Economic sanctions imposed on Russia and other countries by the United States put the dollar's dominance at risk as targeted nations seek out an alternative, Treasury Secretary Janet Yellen (photo) said on CNN.
Treasury Secretary Janet Yellen acknowledged that US economic sanctions risk the hegemony of the US dollar as the world’s reserve currency as they push targeted countries to seek alternatives.
"There is a risk when we use financial sanctions that are linked to the role of the dollar that over time it could undermine the hegemony of the dollar," Yellen said on CNN.
“Of course, it does create a desire on the part of China, of Russia, of Iran to find an alternative,” Yellen said. “But the dollar is used as a global currency for reasons that are not easy for other countries to find an alternative with the same properties.”

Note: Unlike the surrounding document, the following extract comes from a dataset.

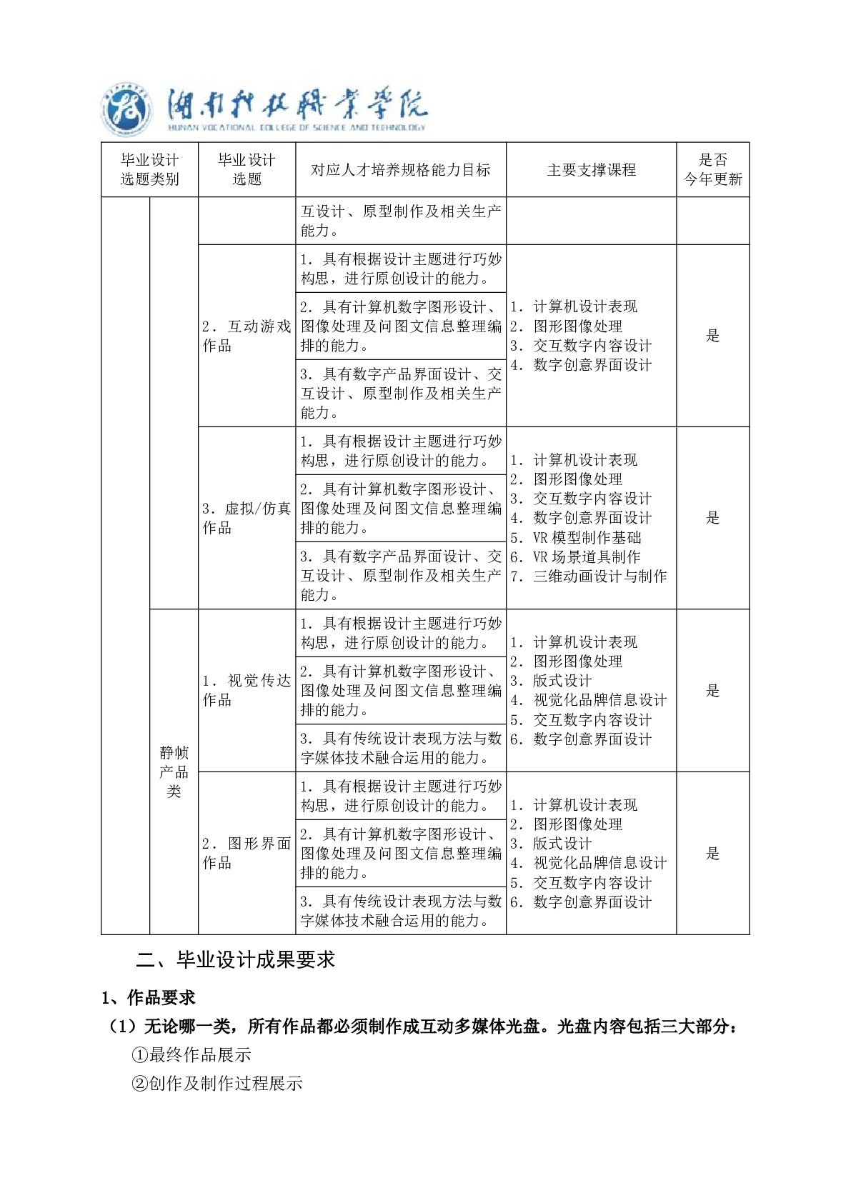艺术设计学院数字媒体艺术设计专业2025届学生毕业设计标准

The robust US capital markets and rule of law "are essential in a currency that is going to be used globally for transactions," she added. "And we haven't seen any other country that has the basic... institutional infrastructure that would enable its currency to serve the world like this."

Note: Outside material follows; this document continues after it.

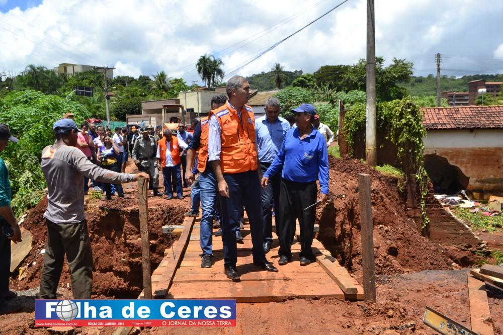 José Eliton após vistorias acompanhadas pelos prefeitos e autoridades, abriu espaço para a imprensa local e falou sobre sua preocupação e ações de apoio junto aos municípios afetados. informou que o governo será solidário aos acontecimentos, dando prioridade as famílias que foram afetadas e prejudicadas pelas chuvas. Muitas delas famílias carentes que perderam todo pouco que tinham. (...)” O Governador Marconi Perillo e eu estávamos sendo informados desde ontem pelos prefeitos Rafael e Fred de tudo que estava ocorrendo aqui. Da mesma forma da Defesa Civil e o Corpo de Bombeiros tem tido uma atenção total com essa catástrofe natural que ocorreu aqui”. (...) “Vistoriamos algumas ruas dos municípios, casas e escolas atingidas e quero agradecer muito a Defesa Civil pela atuação pronta, tanto a municipal quanto a estadual, Corpo de Bombeiros com o Major Rhevysson, Coronel Fonseca, todos atuando de maneira muito pronta e prontidão total para qualquer tipo de intervenção necessária” (...) Estou agora conversando com os prefeitos para buscar minimizar os problemas advindo dessas chuvas. Determinamos que a HAGEAB e a OVG se deslocassem para cá para atender prioritariamente as famílias que foram atingidas diretamente por essas chuvas muito acima do normal. Famílias que perderam praticamente tudo” (...) estaremos atuando com o cheque reforma. A defesa Civil e o Corpo de Bombeiro estará avaliando as estruturas dessas residências, ver se é possível que essas famílias permaneçam no lugar. Se necessário fazer a interdição. A OVG estará prestando assistência direta às famílias com as questões alimentares” (...) “ estamos discutindo as questões sobre o programa “ Goiás na frente” para auxiliar os municípios naquilo que for preciso no que se diz respeito a infra estrutura, felizmente algumas vias que foram atingidas já estão dentro do planejamento” (...) “ Algumas outras intervenções são mais complexas que envolvem obras de engenharia a exemplo de pontes, encabeçamento de pontes e investimentos maiores que diz respeito a canalização de águas, parte feito pelo Governo do Estado e parte da demanda para a Defesa Civil Nacional, com intervenções que visa investimentos de médio e longo prazo”(...). Enfatizou o Vice Governador José Eliton

Yellen noted that sanctions are an "extremely important tool," all the more so when used by the United States and its allies as "a coalition of partners acting together to impose these sanctions." But she recognized how sanctions can hurt the US dollar.
Last month, Yellen recognized that US sanctions on Iran have caused a “real economic crisis” in the country but haven’t changed the government’s behavior. Despite this, she said the Biden administration plans to impose more sanctions on the Islamic Republic.